(RECORDS FOR PROCESSING)

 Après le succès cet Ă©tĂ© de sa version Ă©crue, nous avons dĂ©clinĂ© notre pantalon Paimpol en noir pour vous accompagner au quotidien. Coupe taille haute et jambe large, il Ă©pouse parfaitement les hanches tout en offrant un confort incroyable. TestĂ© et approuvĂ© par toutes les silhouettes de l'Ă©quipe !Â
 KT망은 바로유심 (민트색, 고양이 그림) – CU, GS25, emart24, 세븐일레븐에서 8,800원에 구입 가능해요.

(End RECORDS FOR PROCESSING)
(RECORDS FOR PROCESSING)

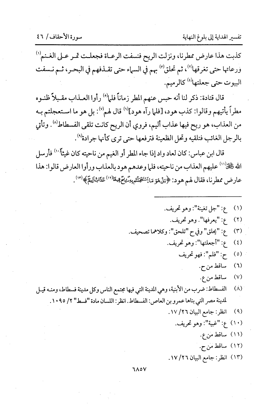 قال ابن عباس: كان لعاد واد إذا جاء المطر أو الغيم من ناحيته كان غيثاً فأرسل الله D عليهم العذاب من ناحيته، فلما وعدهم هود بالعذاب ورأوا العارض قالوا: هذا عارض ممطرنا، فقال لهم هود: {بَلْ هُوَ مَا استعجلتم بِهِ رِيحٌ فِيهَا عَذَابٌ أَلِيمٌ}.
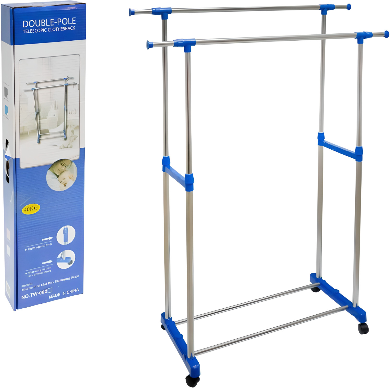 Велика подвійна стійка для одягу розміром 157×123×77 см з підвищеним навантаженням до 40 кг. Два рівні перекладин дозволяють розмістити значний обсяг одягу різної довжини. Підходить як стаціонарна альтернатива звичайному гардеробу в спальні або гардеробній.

(End RECORDS FOR PROCESSING)

ASSIGNED TASK: Only one stretch of the data is wanted: write out exactly the lines from the one holding "قال ابن عباس: كان" through the one holding "Велика подвійна стійка", both included, without the pictures.

THE COMPLETED TASK:
 قال ابن عباس: كان لعاد واد إذا جاء المطر أو الغيم من ناحيته كان غيثاً فأرسل الله D عليهم العذاب من ناحيته، فلما وعدهم هود بالعذاب ورأوا العارض قالوا: هذا عارض ممطرنا، فقال لهم هود: {بَلْ هُوَ مَا استعجلتم بِهِ رِيحٌ فِيهَا عَذَابٌ أَلِيمٌ}.
 Велика подвійна стійка для одягу розміром 157×123×77 см з підвищеним навантаженням до 40 кг. Два рівні перекладин дозволяють розмістити значний обсяг одягу різної довжини. Підходить як стаціонарна альтернатива звичайному гардеробу в спальні або гардеробній.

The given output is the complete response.